Source material below:

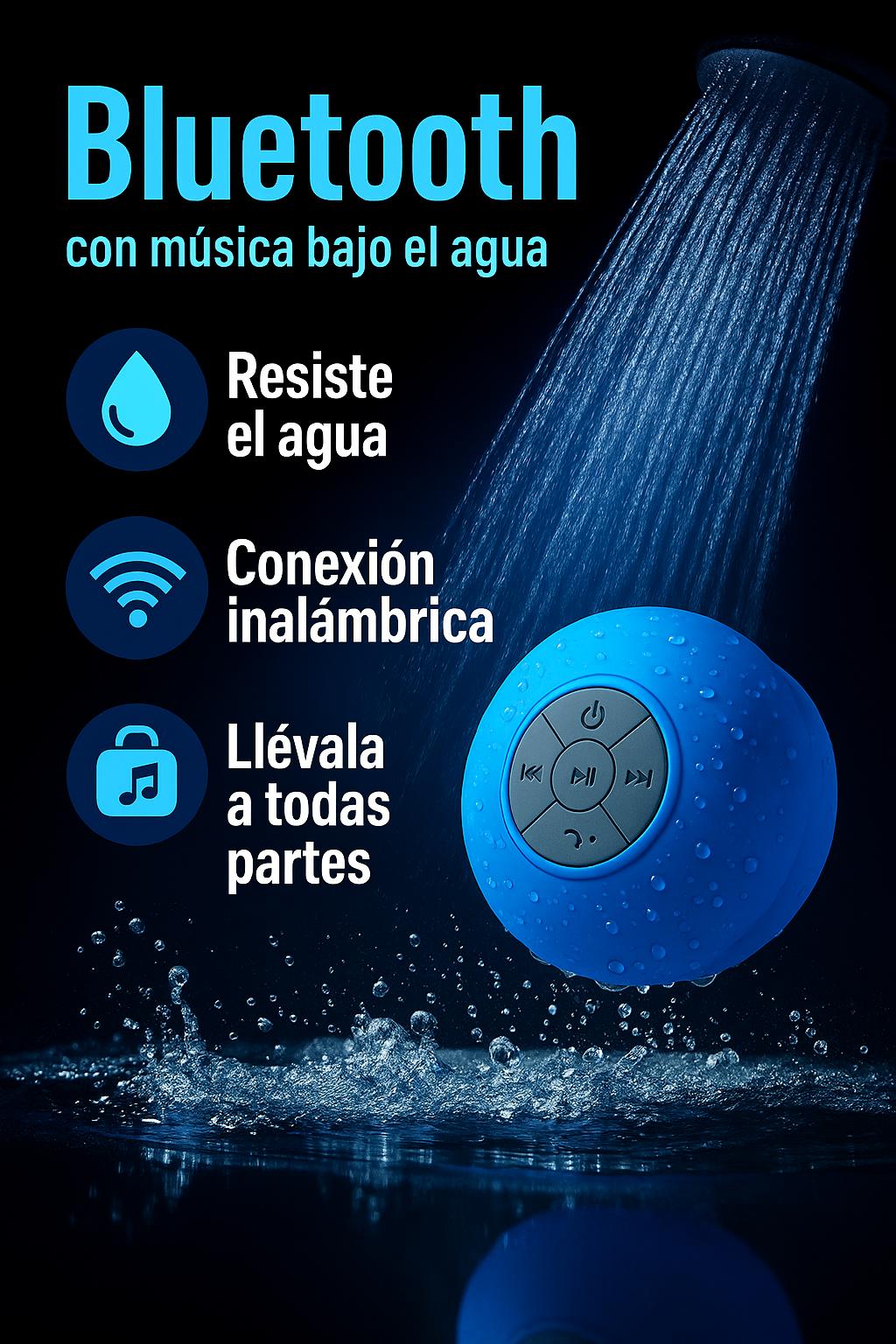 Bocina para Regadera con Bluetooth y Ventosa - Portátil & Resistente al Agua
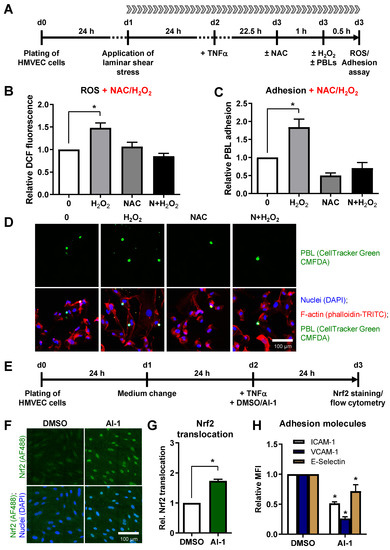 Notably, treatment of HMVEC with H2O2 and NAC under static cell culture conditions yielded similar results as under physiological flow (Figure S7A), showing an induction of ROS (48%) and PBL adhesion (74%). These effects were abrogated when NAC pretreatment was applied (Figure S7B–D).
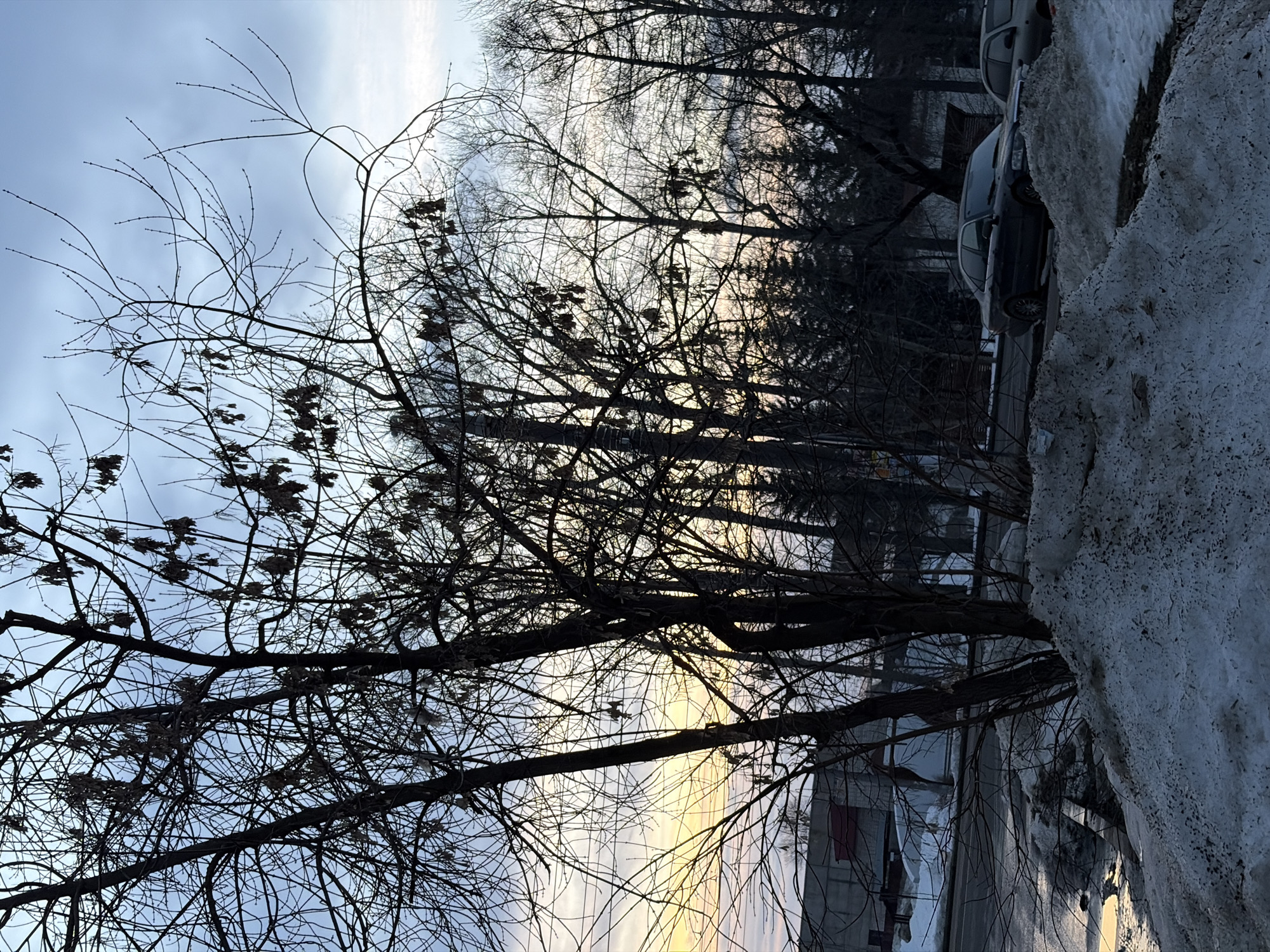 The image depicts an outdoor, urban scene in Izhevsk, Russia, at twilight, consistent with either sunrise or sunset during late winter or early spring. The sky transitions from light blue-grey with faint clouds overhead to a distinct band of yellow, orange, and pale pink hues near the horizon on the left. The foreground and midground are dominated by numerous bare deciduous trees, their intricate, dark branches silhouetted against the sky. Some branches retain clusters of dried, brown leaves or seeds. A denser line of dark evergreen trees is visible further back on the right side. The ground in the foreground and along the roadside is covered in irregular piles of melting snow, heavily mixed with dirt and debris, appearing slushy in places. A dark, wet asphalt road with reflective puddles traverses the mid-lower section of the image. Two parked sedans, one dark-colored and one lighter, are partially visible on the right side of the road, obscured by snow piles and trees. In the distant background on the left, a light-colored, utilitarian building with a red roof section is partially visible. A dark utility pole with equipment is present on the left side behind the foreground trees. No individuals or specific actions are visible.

End of Source material.

▸ **Problem requirements**
With the pictures omitted, reproduce the data above exactly.

▸ **Solution to this problem**
 Bocina para Regadera con Bluetooth y Ventosa - Portátil & Resistente al Agua
 Notably, treatment of HMVEC with H2O2 and NAC under static cell culture conditions yielded similar results as under physiological flow (Figure S7A), showing an induction of ROS (48%) and PBL adhesion (74%). These effects were abrogated when NAC pretreatment was applied (Figure S7B–D).
 The image depicts an outdoor, urban scene in Izhevsk, Russia, at twilight, consistent with either sunrise or sunset during late winter or early spring. The sky transitions from light blue-grey with faint clouds overhead to a distinct band of yellow, orange, and pale pink hues near the horizon on the left. The foreground and midground are dominated by numerous bare deciduous trees, their intricate, dark branches silhouetted against the sky. Some branches retain clusters of dried, brown leaves or seeds. A denser line of dark evergreen trees is visible further back on the right side. The ground in the foreground and along the roadside is covered in irregular piles of melting snow, heavily mixed with dirt and debris, appearing slushy in places. A dark, wet asphalt road with reflective puddles traverses the mid-lower section of the image. Two parked sedans, one dark-colored and one lighter, are partially visible on the right side of the road, obscured by snow piles and trees. In the distant background on the left, a light-colored, utilitarian building with a red roof section is partially visible. A dark utility pole with equipment is present on the left side behind the foreground trees. No individuals or specific actions are visible.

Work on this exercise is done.